On March 22, 2001, the Boisi Center welcomed church-state scholar and Appeals Court Judge John T. Noonan, Jr. as the third speaker in the Templeton Lecture series. Noonan offered remarks from his latest book, The Lustre of Our Country, on "why religious freedom is foundational for country and church."

Noonan argued that religious freedom remains the most basic freedom for believers and citizens alike, asserting that only religious liberty entails claims to authority that transcends the state, making it more fundamental than freedoms of speech or commerce. He noted that religious beliefs provide values that guide actions that are not always the values the governing elite favors-citing the abolition of slavery in the U.S., led by New England ministers who claimed that slavery was a "natural sin" that must be abolished.

Noonan outlined the views of James Madison and Voltaire in providing a history of religious liberty in distinct contexts. He recounted Madison’s role in enacting the First Amendment and his conception of religious liberty as a "great barrier" to government invasion into the realm of conscience. Noonan contrasted this Madisonian vision of religious freedom with the French Enlightenment approach, which, he argued, amounted to "open war on the Roman Catholic Church in a Voltairian spirit!”

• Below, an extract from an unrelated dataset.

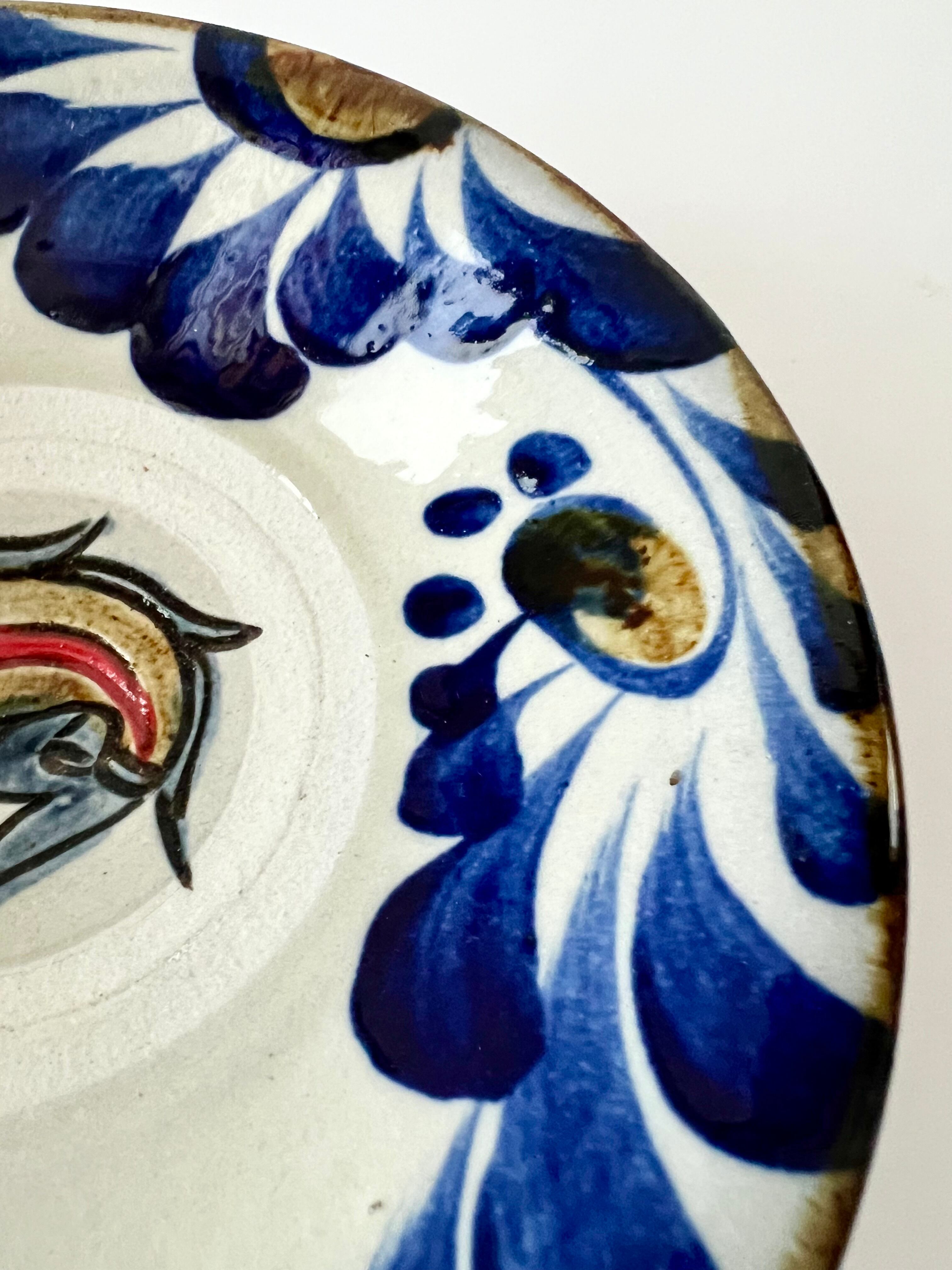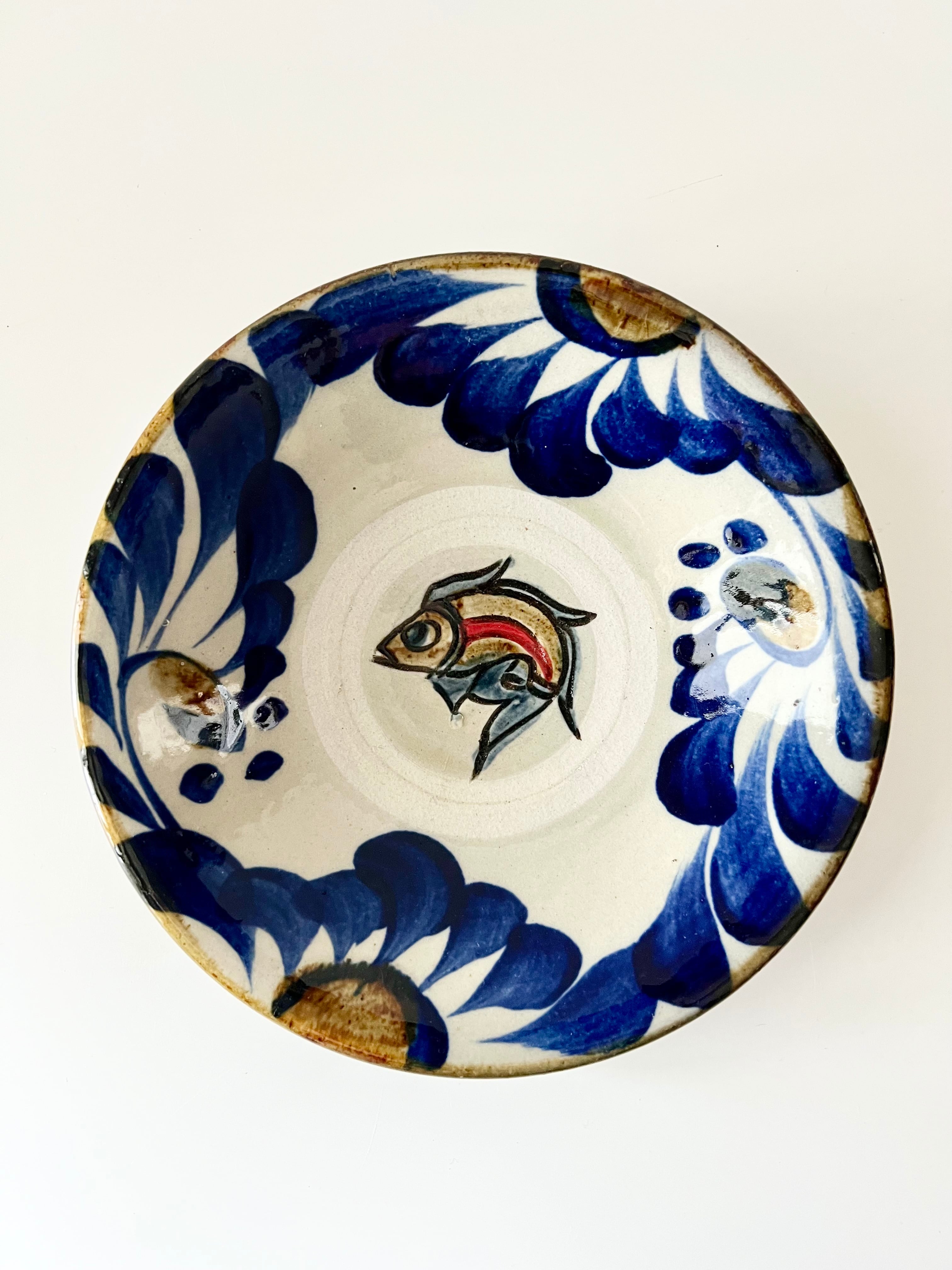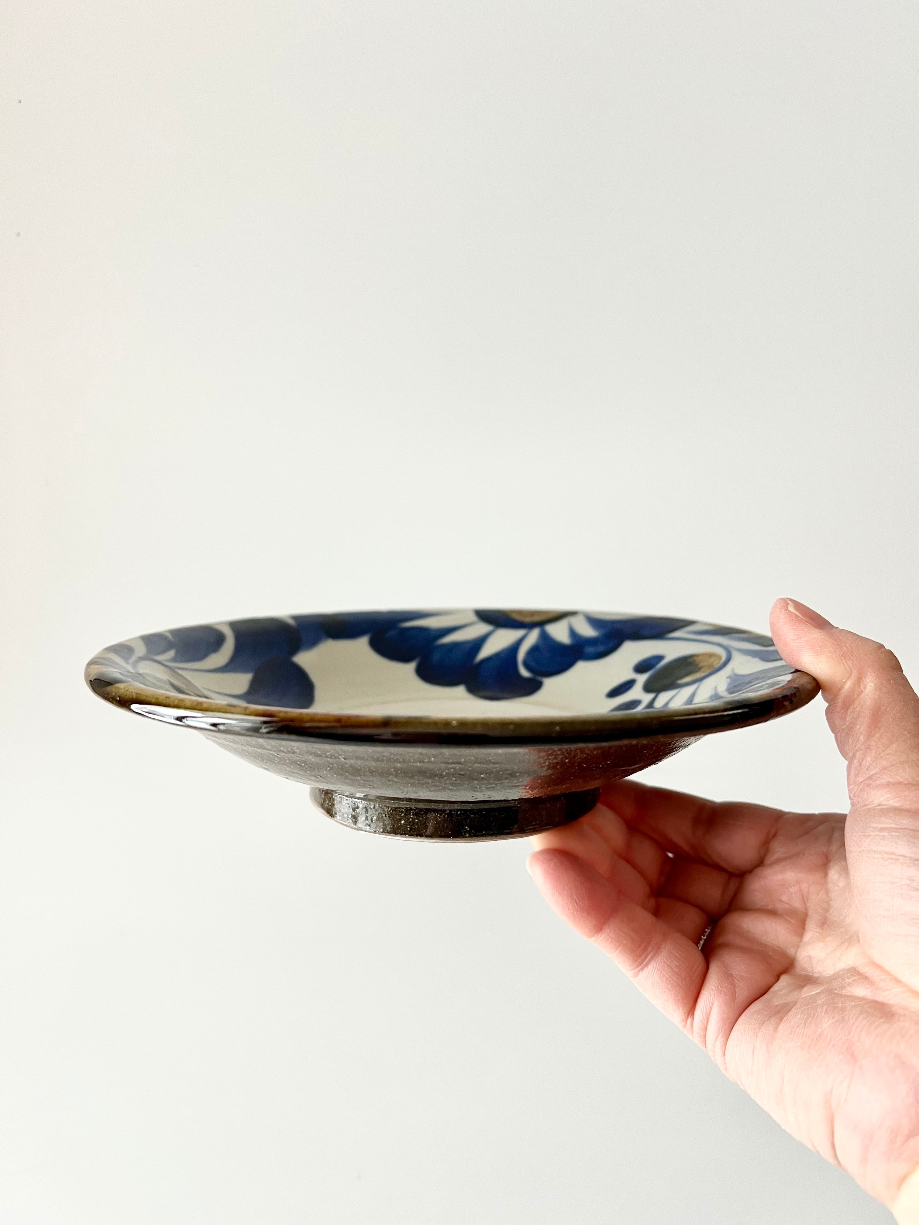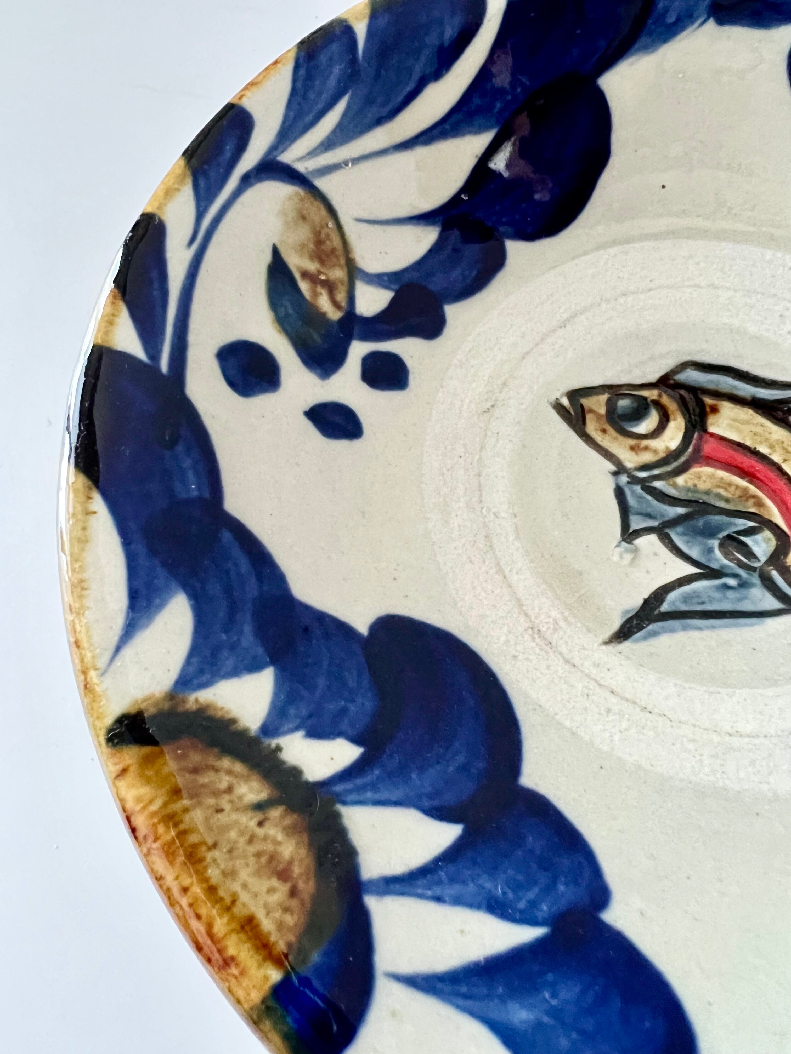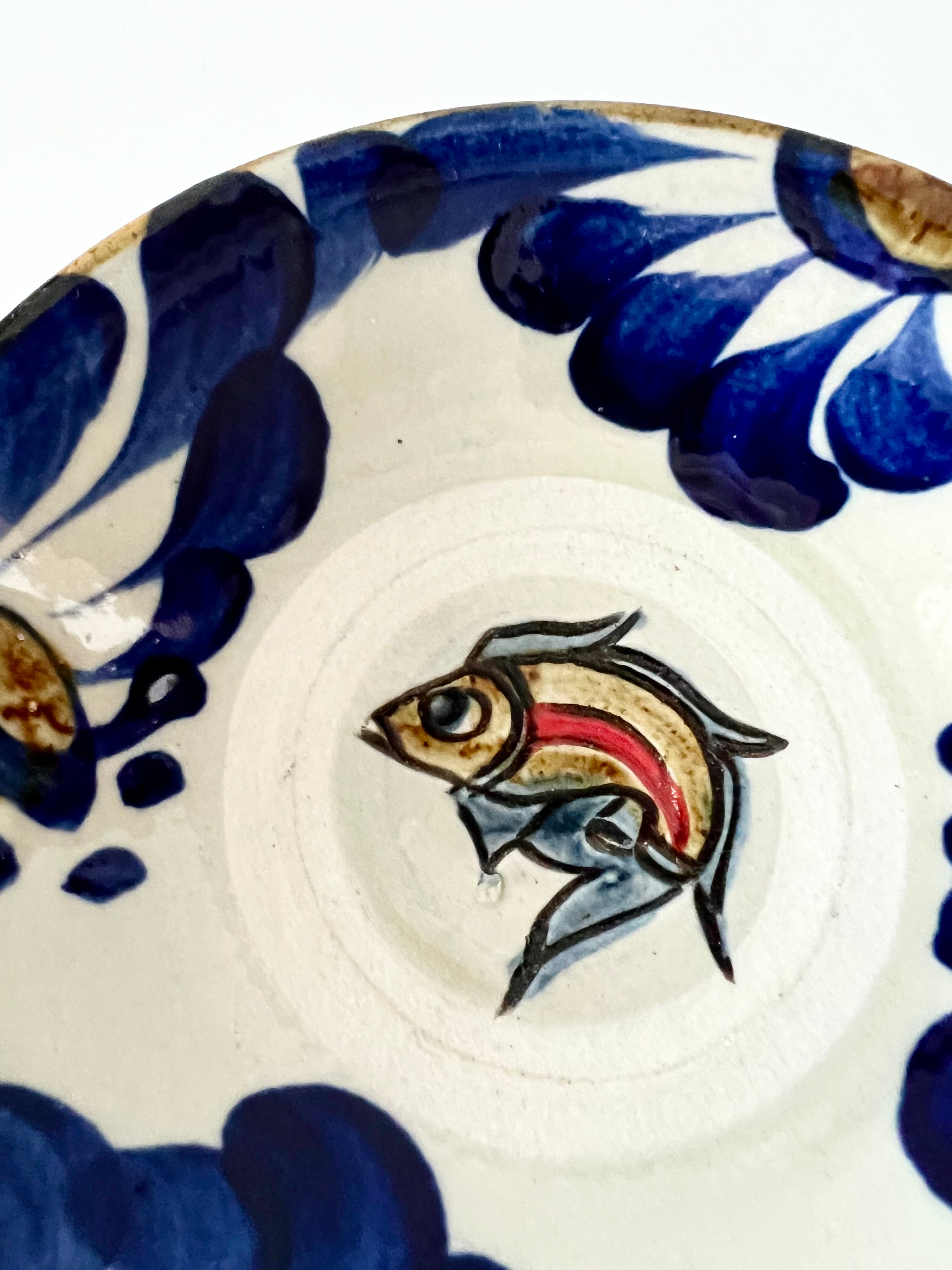 金城陶器 秀陶房 6寸皿 コバルト 唐草 魚紋

Turning to the present, Noonan conceded that court cases are easier to win on the grounds of freedom of speech than on religious liberty grounds, yet insisted that "religion can provide values in a way that mere speech cannot." On the process of deciphering which religious claims deserve protection by law in the various cases he hears, Noonan remarked, "you get to complete religious freedom step by step, not absolutely.”

In response to a request from the audience, Noonan also provided an overview of theologian John Courtney Murray's legacy on helping facilitate the Catholic Church's embrace of religious liberty after centuries of religious persecution. Noonan echoed the Vatican II insight that "only in freedom will you find the truth," concluding that freedom of religion is essential not only for country but also for religious communities themselves.